De toename van het aantal aanvragen in 2018 is een gevolg van een versoepeling van de voorwaarden. Waar voordien het aantal jaar tussen de eerste vestiging en de eerste aanvraag in mindering gebracht werd van het aantal jaar dat de steun ontvangen kon worden, is dat vanaf 2018 niet meer het geval. In 2020 vervalt het effect van die versoepeling en valt ook de groep landbouwers die in 2015 voor de eerste keer een aanvraag deed weg. Vandaar de terugval in het aantal landbouwers. Tot en met 2017 ontving een jonge landbouwer in praktijk maximaal een top-upbetaling van maximaal 88,72 euro per ha. In 2018 is eveneens die maximumvereiste versoepeld. Hierdoor en door het grote aantal aanvragen vanaf 2018 kon het vastgelegde budget voor jonge landbouwers volledig benut worden en is er een lichte toename van de uitbetalingen na 2017. De toename in 2020 en 2021 is ook hier door het tijdelijk wegvallen van de transfer van Pijler 1 naar Pijler 2 naar aanleiding van de covidcrisis. In 2023 is er door het nieuwe GLB een grote toename van het budget. Die toename is groter dan de ingeplande verhoging van het budget voor jonge landbouwers van 2% naar 3% van de rechtstreekse betalingen doordat er eveneens ongebruikte middelen van andere maatregelen binnen de rechtstreekse betalingen gebruikt zijn. Het aantal uitbetalingen in 2023 komt uit op 827, wat min of meer het peil van de vorige jaren is. Er is daardoor een sterke toename van het bedrag per bedrijf tot 10.330 euro per bedrijf in het nieuwe GLB.

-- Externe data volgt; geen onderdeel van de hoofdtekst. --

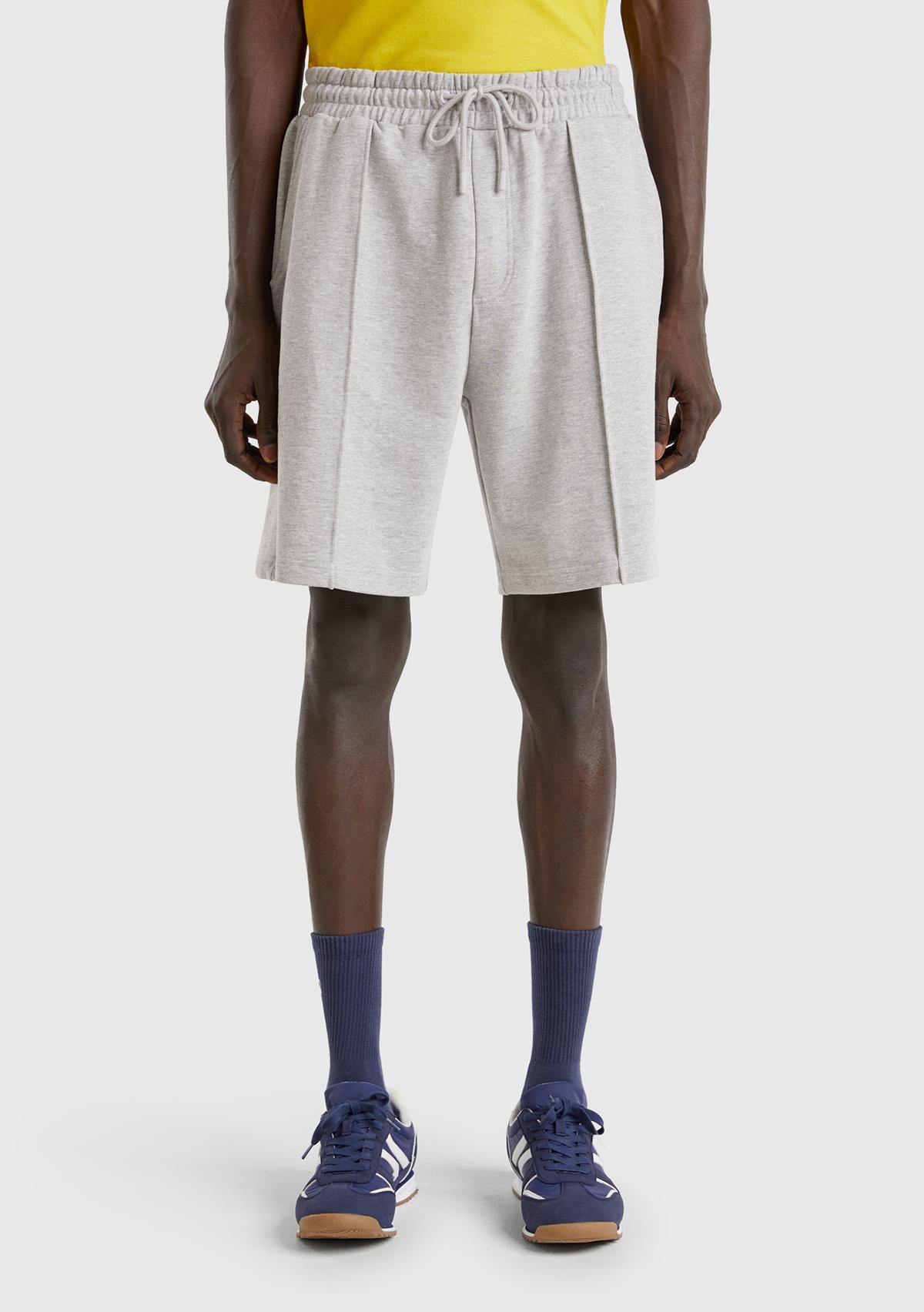 Erkek Gri Melanj %100 Pamuk Logo Detaylı Beli Büzgü İpli Bermuda Şort

In 2023 is de grootste groep, 29,7% van de landbouwers, een gespecialiseerd melkveebedrijf en die hebben een aandeel van 40,7% van de rechtstreekse betalingen van jonge landbouwers. De melkveehouderij is voor de hele periode 2015-2023 de belangrijkste sector. Vooral de laatste twee jaar is er een toename van het aandeel bedrijven en het aandeel steun. De akkerbouw volgt op afstand met 14,5% van de landbouwers en 13,4% van de steun. Bedrijven met gewassen en veeteelt ontvangen gemiddeld 11,4% van de steun. Vleesvee is met 5,3% wat ondervertegenwoordigd. Terwijl het aandeel van melkvee toeneemt is de tendens bij vleesvee en gemengd rundvee met vlees- en melkvee dalend. Dit is eveneens een weerspiegeling van de structurele evolutie waarbij het aantal bedrijven met gemengd rundvee afneemt. Het bedrag per bedrijf ligt in 2023 met 14.197 euro per bedrijf gemiddeld het hoogst voor melkvee, gevolgd door bedrijven met gewassen-veeteelt, gemengde bedrijven met graasdieren-varkens-pluimvee en gemengde bedrijven met melk- en vleesvee.
West-Vlaanderen ontvangt met 43,1% met voorsprong het grootste aandeel van de betalingen naar jonge landbouwers. Oost-Vlaanderen en Antwerpen volgen met respectievelijk 22,6% en 15,9%.